Die etwa 70 Kilogramm leichte Landeeinheit verwandelt sich beim Eintritt in die Atmosphäre in ein glühendes Geschoss und wird stark abgebremst. Danach öffnen sich die Fallschirme und die Airbags. Mit ihnen hüpft «Beagle 2» wie ein überdimensionaler Fußball mehrmals auf dem Marsboden auf, um seine Geschwindigkeit von mehr als 60 Stundenkilometern abzufangen. Dann wird die Luft herausgelassen und das Forschungslabor entfaltet seine Sonnensegel wie Blütenblätter. «Das muss innerhalb weniger Stunden geschehen, sonst entladen sich in der Kälte die Batterien, und die Einheit ist unbrauchbar,» erklärt Colin.
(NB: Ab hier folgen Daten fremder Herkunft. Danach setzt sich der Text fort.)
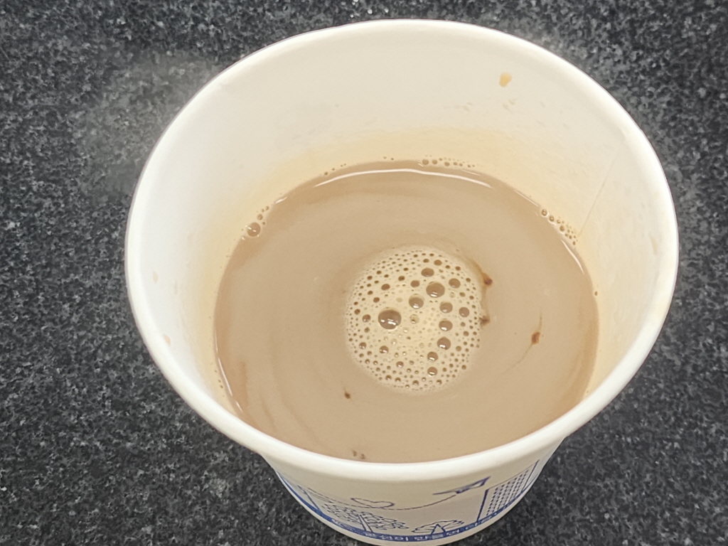 취사장에 와서 아점을 먹습니다.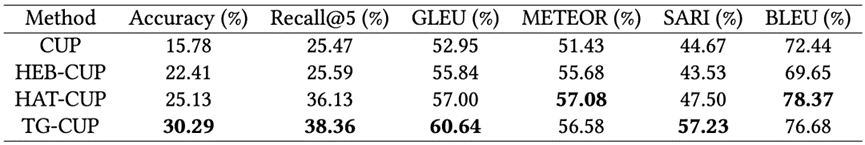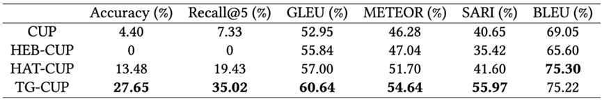 为了全面评估TG-CUP的性能,本文将其与三种代表性方法进行了对比:CUP(基于Seq2Seq的早期方法)、HEB-CUP(启发式规则驱动的注释替换方法)、HAT-CUP(结合RNN与结构注意力的混合模型)。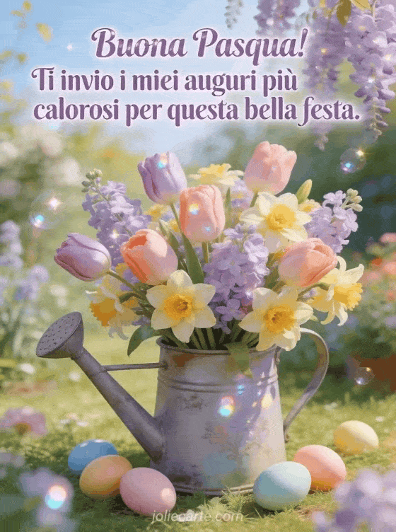 Invia i tuoi auguri più calorosi di Pasqua ai tuoi cari con questo bellissimo biglietto primaverile. Scopri anche un messaggio di Pasqua per un amico, un augurio di Pasqua o un' immagine di Pasqua da scaricare.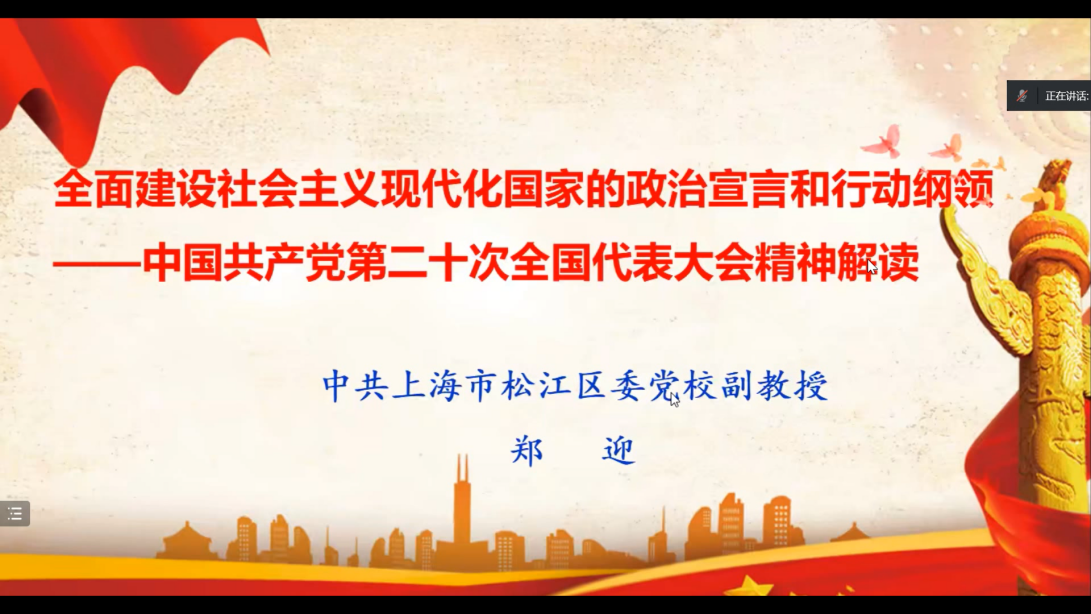 此次专题学习邀请上海市松江区委党校郑迎副教授,作《全面建设社会主义现代化国家的政治宣言和行动纲领—中国共产党第二十次全国代表大会精神解读》的报告。

Die Zweiteilung der Mission ist ihr großer Vorteil. Auch wenn ein Gerät verloren geht, war der Einsatz nicht umsonst. Der Mars-Express hat sieben Geräte an Bord, unter anderem eine Kamera, mit dem die Planetenoberfläche bis auf zehn Meter genau kartografiert werden kann. Ein Radar analysiert die Bodenbeschaffenheit in einer Tiefe von mehreren Kilometern. Dabei wird vor allem nach Wasservorkommen gesucht. Die Überlebensdauer der Sonde wird auf vier Jahre geschätzt.

«Beagle 2» wird dagegen nur wenige Monate auf dem von Sandstürmen überzogenen Planeten arbeiten können. Das reicht jedoch aus für einige Panoramabilder und Bodenproben. Mit seinem «Maulwurf»-Bohrer kann er bis in eine Tiefe von 1,50 Meter vordringen und anschließend das Gestein nach Spuren von Leben untersuchen.

Für die Europäische Raumfahrtagentur (ESA) ist die Mars-Mission auch ein Prestigeobjekt. Zwar arbeitet sie mit den Russen zusammen, die die Sonde ins All gebracht haben, ebenso wie mit den Amerikanern, deren Mars-Sonde «Odysee» den ersten Kontakt zu «Beagle 2» aufnehmen soll. Gleichzeitig hofft die ESA, die Partner in den Schatten stellen zu können.

Mit rund 300 Millionen Euro kostet der zweigeteilte Mars-Express nach Schätzungen nur halb so viel wie die beiden Mars-Missionen der US-Amerikaner, die im Januar und Februar den Planeten erreichen werden. Dabei sind die Rollen klar verteilt: Die Europäer werden die wissenschaftlich interessanten Löcher bohren, und die US-Amerikaner liefern mit ihren niedlichen elektronischen Mars-Enten auf Rädern die publikumswirksamen Bilder.